▶ **ACTIVITY**
Transcribe, starting at the line with "1966 Topps #56 Sandy Valdespino 2 - GOOD" and ending at the line with "San Antonio Spurs", every line of the material below exactly, but leave out the pictures and anything outside that span.

▶ **GIVEN ENTRIES**
........
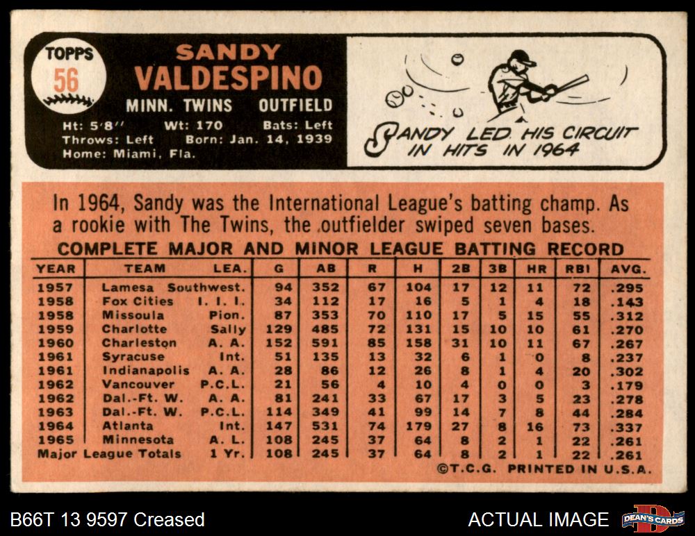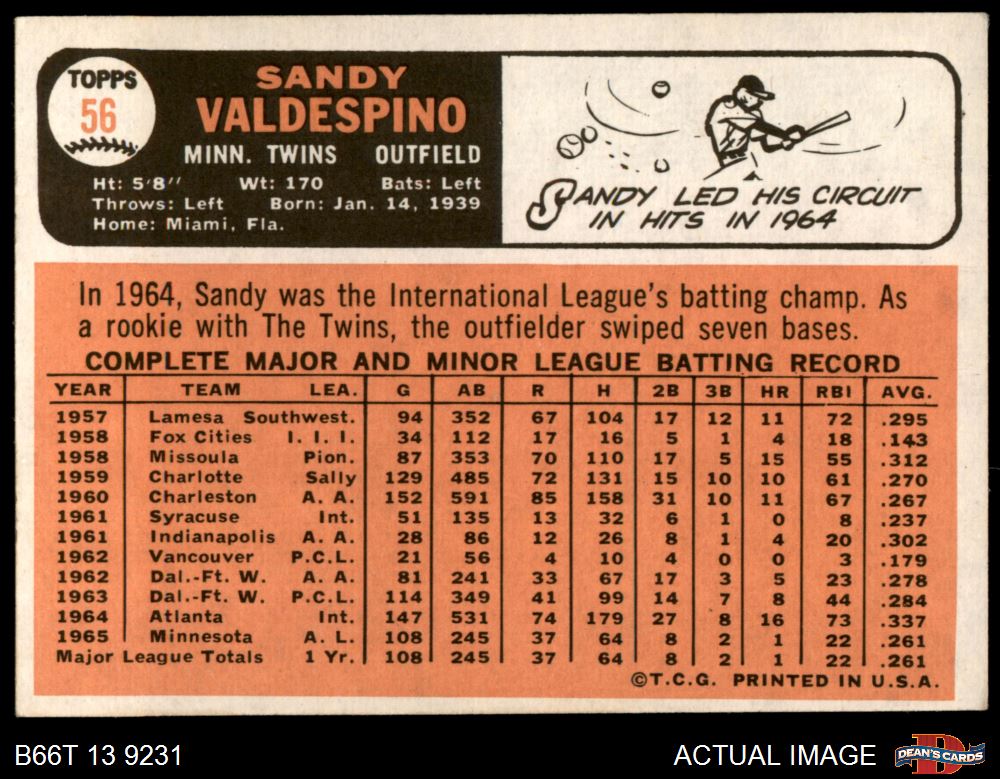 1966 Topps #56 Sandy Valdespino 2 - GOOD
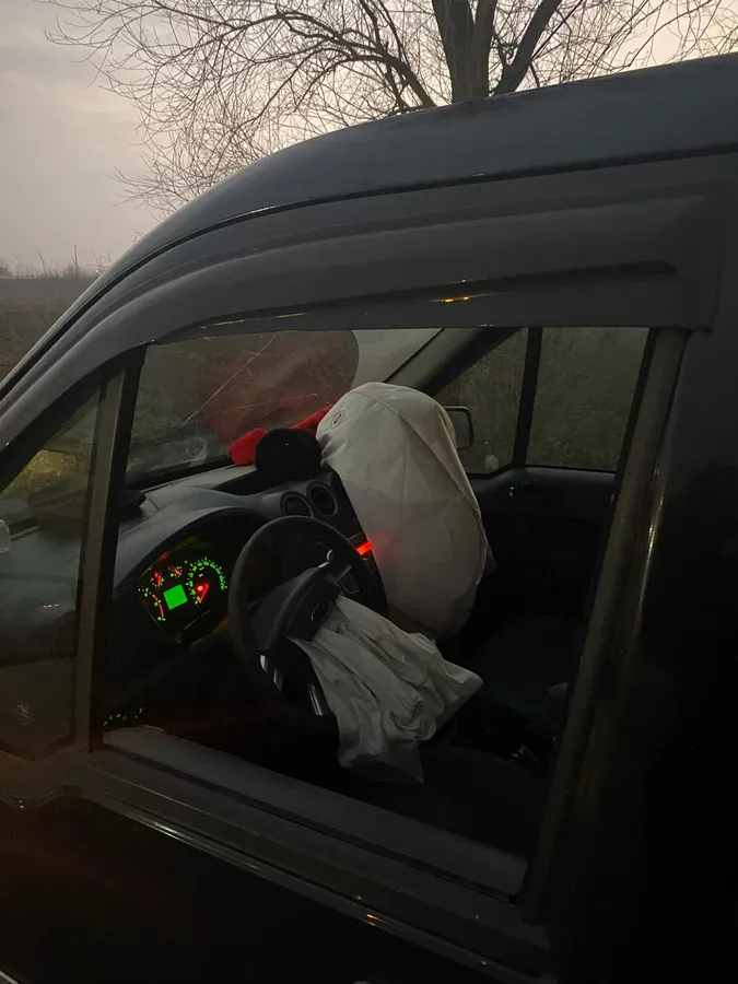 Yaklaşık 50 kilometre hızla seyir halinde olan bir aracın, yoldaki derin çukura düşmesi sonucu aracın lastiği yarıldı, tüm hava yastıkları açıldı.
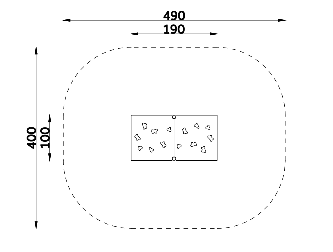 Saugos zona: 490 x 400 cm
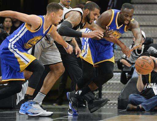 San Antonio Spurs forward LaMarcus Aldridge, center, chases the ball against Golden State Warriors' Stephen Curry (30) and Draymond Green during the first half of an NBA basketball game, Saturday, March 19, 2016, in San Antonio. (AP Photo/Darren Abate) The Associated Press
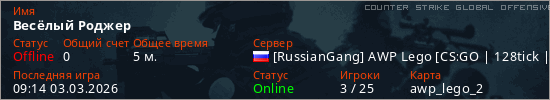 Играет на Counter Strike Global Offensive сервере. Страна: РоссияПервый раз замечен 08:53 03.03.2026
........
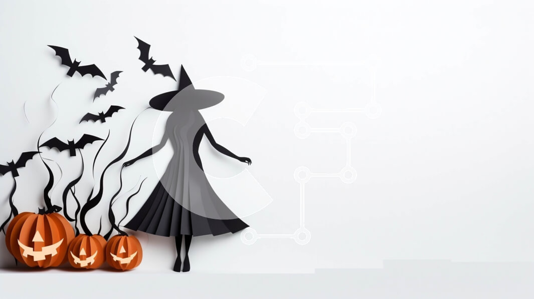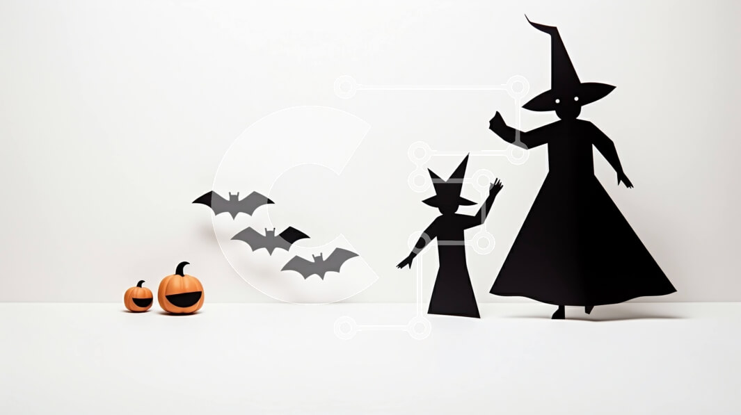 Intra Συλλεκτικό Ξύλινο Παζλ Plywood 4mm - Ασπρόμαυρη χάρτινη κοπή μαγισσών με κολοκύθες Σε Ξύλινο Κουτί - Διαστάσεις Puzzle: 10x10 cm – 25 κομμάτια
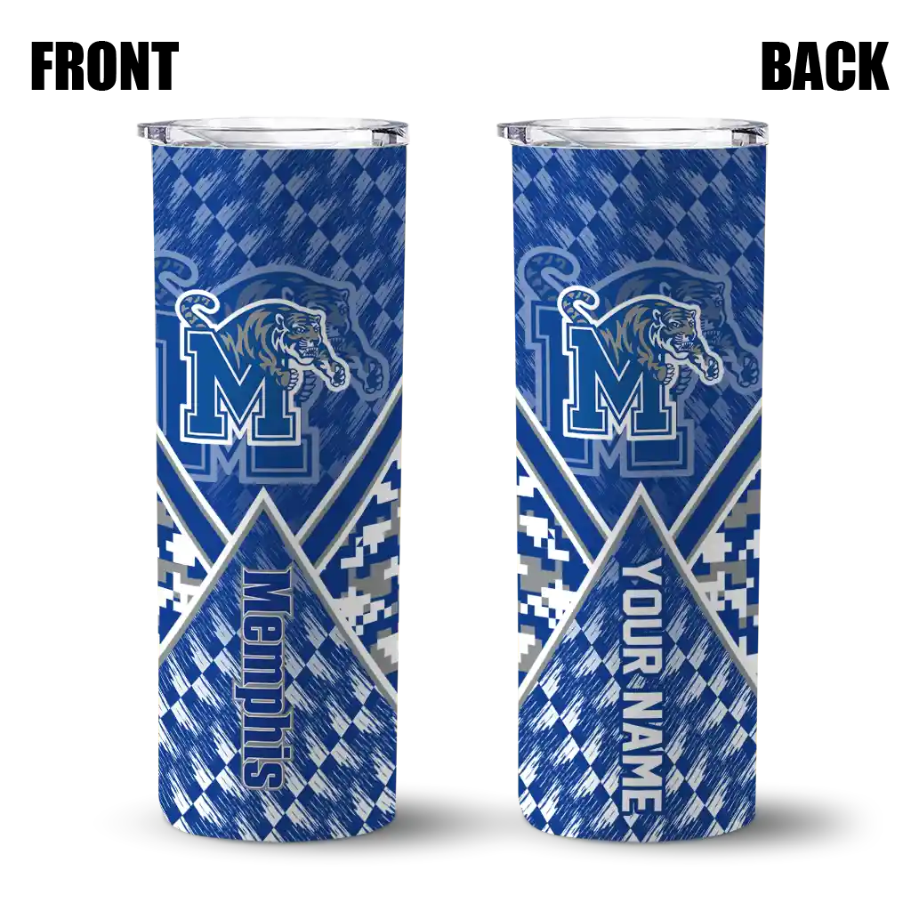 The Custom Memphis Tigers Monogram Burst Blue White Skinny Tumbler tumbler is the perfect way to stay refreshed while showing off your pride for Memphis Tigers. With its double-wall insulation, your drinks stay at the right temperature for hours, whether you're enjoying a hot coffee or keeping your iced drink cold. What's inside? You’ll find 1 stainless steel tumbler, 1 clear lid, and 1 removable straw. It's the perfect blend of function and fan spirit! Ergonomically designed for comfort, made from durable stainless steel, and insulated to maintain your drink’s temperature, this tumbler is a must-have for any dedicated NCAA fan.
........
▶ **ANSWER TO THE EXERCISE**
 1966 Topps #56 Sandy Valdespino 2 - GOOD
 Yaklaşık 50 kilometre hızla seyir halinde olan bir aracın, yoldaki derin çukura düşmesi sonucu aracın lastiği yarıldı, tüm hava yastıkları açıldı.
 Saugos zona: 490 x 400 cm
 San Antonio Spurs forward LaMarcus Aldridge, center, chases the ball against Golden State Warriors' Stephen Curry (30) and Draymond Green during the first half of an NBA basketball game, Saturday, March 19, 2016, in San Antonio. (AP Photo/Darren Abate) The Associated Press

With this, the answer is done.